The ocular and systemic toxicity of omidenepag isopropyl ophthalmic solution (0.003%, 0.01%) administered by ocular route once daily (equivalent to 0.0009, 0.003 mg/body/day) were investigated in male and female cynomolgus monkeys for 39 weeks. There were no mortalities or any test article-related changes in body weight, food consumption, ophthalmology, electrocardiogram (ECG), blood pressure, urinalysis, hematology, serum biochemistry, necropsy, organ weight, or histopathology in any group. Clinical signs of anisocoria were seen in all omidenepag isopropyl groups. They are considered not to be toxicologically significant same as the 13-week study. A mild increase in corneal thickness was observed in 0.01% omidenepag isopropyl group but the increase of corneal thickness was also observed in non-treated eyes. In addition, no corneal endothelial cell loss was observed in specular microscopy and no structural change of cornea was observed in histopathology.
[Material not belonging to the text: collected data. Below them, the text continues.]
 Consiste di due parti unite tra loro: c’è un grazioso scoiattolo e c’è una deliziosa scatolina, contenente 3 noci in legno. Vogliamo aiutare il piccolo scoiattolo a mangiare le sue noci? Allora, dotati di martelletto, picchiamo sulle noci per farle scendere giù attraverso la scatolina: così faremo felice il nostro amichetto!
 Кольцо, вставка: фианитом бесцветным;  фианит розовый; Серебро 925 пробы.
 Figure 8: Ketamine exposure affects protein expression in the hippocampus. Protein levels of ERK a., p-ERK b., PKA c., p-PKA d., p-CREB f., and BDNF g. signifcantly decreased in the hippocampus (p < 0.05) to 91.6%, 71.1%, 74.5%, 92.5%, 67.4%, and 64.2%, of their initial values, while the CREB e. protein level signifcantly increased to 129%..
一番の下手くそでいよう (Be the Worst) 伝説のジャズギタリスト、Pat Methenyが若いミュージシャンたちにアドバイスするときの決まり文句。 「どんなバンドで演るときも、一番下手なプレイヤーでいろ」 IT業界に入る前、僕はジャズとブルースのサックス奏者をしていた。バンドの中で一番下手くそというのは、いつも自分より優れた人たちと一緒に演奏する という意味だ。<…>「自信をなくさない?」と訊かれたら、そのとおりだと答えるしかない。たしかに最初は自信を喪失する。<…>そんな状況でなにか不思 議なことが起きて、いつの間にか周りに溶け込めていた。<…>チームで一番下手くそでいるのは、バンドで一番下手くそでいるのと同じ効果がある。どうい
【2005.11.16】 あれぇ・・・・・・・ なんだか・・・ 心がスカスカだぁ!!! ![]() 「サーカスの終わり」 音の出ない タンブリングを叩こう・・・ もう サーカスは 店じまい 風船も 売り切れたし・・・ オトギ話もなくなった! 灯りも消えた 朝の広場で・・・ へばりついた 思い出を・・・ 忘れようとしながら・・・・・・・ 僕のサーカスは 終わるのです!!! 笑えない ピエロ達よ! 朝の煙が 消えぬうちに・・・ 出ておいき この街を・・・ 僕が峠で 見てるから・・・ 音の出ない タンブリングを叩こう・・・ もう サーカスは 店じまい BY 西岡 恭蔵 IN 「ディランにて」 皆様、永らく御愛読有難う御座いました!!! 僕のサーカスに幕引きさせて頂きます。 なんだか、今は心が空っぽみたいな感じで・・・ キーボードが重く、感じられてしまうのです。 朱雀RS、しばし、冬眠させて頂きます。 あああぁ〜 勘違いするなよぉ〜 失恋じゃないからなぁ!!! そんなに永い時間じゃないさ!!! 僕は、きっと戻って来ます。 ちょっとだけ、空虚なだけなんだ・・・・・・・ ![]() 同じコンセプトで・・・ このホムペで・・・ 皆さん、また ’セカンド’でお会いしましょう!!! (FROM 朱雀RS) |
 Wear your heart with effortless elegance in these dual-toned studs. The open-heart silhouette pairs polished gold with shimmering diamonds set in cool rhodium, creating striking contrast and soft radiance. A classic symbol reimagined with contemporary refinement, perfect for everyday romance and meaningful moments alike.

Therefore, the mild increase in corneal thickness is considered to be incidental and not to be toxicologically significant. In this study, the no-systemic-toxicity dose level and the no-local-irritation dose level was more than 0.01% QD (0.003 mg/body/day).
Carcinogenesis: Carcinogenicity studies have not been conducted with omidenepag isopropyl.
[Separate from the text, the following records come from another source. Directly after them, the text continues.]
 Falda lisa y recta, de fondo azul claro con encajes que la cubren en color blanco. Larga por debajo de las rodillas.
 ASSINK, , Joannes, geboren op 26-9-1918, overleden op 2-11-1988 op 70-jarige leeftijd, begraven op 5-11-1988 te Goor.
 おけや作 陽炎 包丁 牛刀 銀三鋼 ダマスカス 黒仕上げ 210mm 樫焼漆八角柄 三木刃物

Mutagenesis: There was no genotoxicity associated with omidenepag isopropyl in clinical dose.
Reproductive and Developmental Toxicity: Fertility: Omidenepag isopropyl have not been found to have any effect on fertility and early embryonic development in rats at doses approximately 50,000 times the indicated dose in human.
Pregnancy: Reproduction studies have been performed in rats and rabbits. In rats, omidenepag isopropyl have not been found to have any effect on embryo-fetal development in rats at doses approximately 50,000 times the indicated dose in human. In rabbits, it has not been found to have any effect on embryo-fetal development at doses approximately 4,000 times the indicated dose in human, but a high number of embryo-fetal deaths, percentage post-implantation loss, and a low number of live fetuses and percentage fetal viability were noted at doses approximately 40,000 times the indicated dose in humans.